**Work item**
Your task is to transcribe the data in full.

**Extracted information**
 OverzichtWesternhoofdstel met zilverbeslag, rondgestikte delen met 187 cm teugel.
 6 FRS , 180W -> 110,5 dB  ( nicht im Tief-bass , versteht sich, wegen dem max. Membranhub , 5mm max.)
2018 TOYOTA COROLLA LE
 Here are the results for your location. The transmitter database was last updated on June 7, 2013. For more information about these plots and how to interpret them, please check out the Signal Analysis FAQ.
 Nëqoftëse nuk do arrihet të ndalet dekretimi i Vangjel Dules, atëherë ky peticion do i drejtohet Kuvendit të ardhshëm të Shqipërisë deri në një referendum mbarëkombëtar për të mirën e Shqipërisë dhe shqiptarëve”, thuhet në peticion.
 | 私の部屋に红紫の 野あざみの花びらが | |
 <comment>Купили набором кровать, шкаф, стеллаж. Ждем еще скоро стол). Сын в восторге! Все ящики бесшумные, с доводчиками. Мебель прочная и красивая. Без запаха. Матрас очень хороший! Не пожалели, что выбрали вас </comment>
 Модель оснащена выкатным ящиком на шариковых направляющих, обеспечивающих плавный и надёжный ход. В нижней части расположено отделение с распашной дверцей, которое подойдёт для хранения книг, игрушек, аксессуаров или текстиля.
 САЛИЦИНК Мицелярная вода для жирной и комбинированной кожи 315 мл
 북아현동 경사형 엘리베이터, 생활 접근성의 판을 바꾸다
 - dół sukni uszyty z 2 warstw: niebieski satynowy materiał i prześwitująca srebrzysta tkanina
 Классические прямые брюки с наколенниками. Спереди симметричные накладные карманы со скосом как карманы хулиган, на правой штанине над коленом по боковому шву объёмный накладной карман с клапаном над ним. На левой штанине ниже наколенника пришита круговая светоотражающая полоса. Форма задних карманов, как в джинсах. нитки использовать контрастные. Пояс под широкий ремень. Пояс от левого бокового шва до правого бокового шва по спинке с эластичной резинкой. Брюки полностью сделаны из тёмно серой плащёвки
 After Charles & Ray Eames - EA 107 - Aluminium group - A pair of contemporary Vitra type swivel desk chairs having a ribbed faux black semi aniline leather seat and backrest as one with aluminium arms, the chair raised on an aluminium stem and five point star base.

**Result of the task**
 OverzichtWesternhoofdstel met zilverbeslag, rondgestikte delen met 187 cm teugel.
 6 FRS , 180W -> 110,5 dB  ( nicht im Tief-bass , versteht sich, wegen dem max. Membranhub , 5mm max.)
2018 TOYOTA COROLLA LE
 Here are the results for your location. The transmitter database was last updated on June 7, 2013. For more information about these plots and how to interpret them, please check out the Signal Analysis FAQ.
 Nëqoftëse nuk do arrihet të ndalet dekretimi i Vangjel Dules, atëherë ky peticion do i drejtohet Kuvendit të ardhshëm të Shqipërisë deri në një referendum mbarëkombëtar për të mirën e Shqipërisë dhe shqiptarëve”, thuhet në peticion.
 | 私の部屋に红紫の 野あざみの花びらが | |
 <comment>Купили набором кровать, шкаф, стеллаж. Ждем еще скоро стол). Сын в восторге! Все ящики бесшумные, с доводчиками. Мебель прочная и красивая. Без запаха. Матрас очень хороший! Не пожалели, что выбрали вас </comment>
 Модель оснащена выкатным ящиком на шариковых направляющих, обеспечивающих плавный и надёжный ход. В нижней части расположено отделение с распашной дверцей, которое подойдёт для хранения книг, игрушек, аксессуаров или текстиля.
 САЛИЦИНК Мицелярная вода для жирной и комбинированной кожи 315 мл
 북아현동 경사형 엘리베이터, 생활 접근성의 판을 바꾸다
 - dół sukni uszyty z 2 warstw: niebieski satynowy materiał i prześwitująca srebrzysta tkanina
 Классические прямые брюки с наколенниками. Спереди симметричные накладные карманы со скосом как карманы хулиган, на правой штанине над коленом по боковому шву объёмный накладной карман с клапаном над ним. На левой штанине ниже наколенника пришита круговая светоотражающая полоса. Форма задних карманов, как в джинсах. нитки использовать контрастные. Пояс под широкий ремень. Пояс от левого бокового шва до правого бокового шва по спинке с эластичной резинкой. Брюки полностью сделаны из тёмно серой плащёвки
 After Charles & Ray Eames - EA 107 - Aluminium group - A pair of contemporary Vitra type swivel desk chairs having a ribbed faux black semi aniline leather seat and backrest as one with aluminium arms, the chair raised on an aluminium stem and five point star base.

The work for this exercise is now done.